**Exercise objective**. From the entries below, reproduce exactly the lines from the one with "<B>Toronto, CW- The" through the one with "Анны Фрейд, Великобритания", both included, without images.

**Supplied material**.
....

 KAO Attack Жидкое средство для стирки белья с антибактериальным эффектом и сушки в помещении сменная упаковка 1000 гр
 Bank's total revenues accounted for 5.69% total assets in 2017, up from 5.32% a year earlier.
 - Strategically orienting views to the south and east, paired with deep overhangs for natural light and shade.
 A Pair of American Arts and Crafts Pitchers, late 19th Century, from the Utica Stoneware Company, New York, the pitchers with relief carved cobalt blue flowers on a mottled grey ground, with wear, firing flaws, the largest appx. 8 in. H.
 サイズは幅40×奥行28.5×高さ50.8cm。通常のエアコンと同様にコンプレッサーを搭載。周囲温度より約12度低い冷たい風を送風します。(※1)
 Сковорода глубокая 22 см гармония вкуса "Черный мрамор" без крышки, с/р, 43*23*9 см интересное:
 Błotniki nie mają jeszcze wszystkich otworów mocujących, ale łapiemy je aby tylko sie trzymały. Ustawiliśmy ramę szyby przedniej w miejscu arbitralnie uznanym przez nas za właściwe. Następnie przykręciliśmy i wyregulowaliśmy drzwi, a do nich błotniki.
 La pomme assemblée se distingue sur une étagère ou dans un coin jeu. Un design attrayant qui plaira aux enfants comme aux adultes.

....

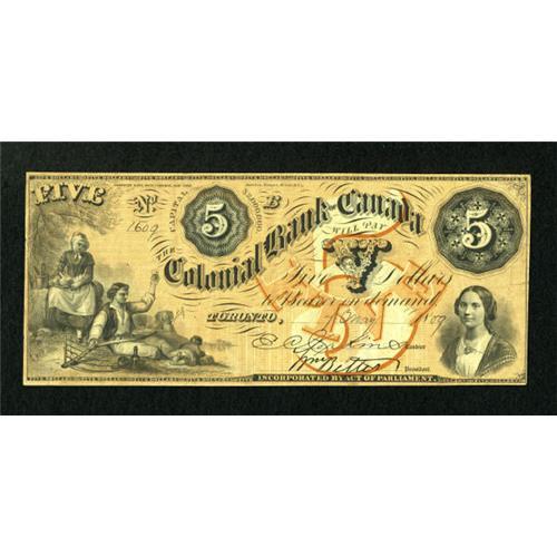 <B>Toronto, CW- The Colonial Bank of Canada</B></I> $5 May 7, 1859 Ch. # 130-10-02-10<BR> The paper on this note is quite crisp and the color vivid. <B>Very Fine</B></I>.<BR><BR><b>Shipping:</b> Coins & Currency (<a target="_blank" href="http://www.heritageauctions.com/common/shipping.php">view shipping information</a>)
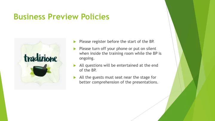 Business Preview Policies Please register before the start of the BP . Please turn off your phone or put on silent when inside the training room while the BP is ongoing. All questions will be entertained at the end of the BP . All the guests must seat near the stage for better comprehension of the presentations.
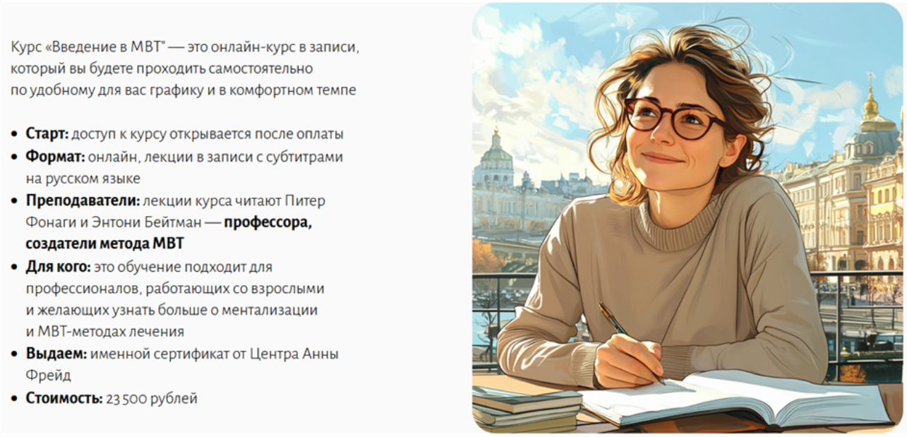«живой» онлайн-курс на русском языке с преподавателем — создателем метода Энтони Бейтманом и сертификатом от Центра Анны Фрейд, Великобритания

....

**Task solution**.
 <B>Toronto, CW- The Colonial Bank of Canada</B></I> $5 May 7, 1859 Ch. # 130-10-02-10<BR> The paper on this note is quite crisp and the color vivid. <B>Very Fine</B></I>.<BR><BR><b>Shipping:</b> Coins & Currency (<a target="_blank" href="http://www.heritageauctions.com/common/shipping.php">view shipping information</a>)
 Business Preview Policies Please register before the start of the BP . Please turn off your phone or put on silent when inside the training room while the BP is ongoing. All questions will be entertained at the end of the BP . All the guests must seat near the stage for better comprehension of the presentations.
«живой» онлайн-курс на русском языке с преподавателем — создателем метода Энтони Бейтманом и сертификатом от Центра Анны Фрейд, Великобритания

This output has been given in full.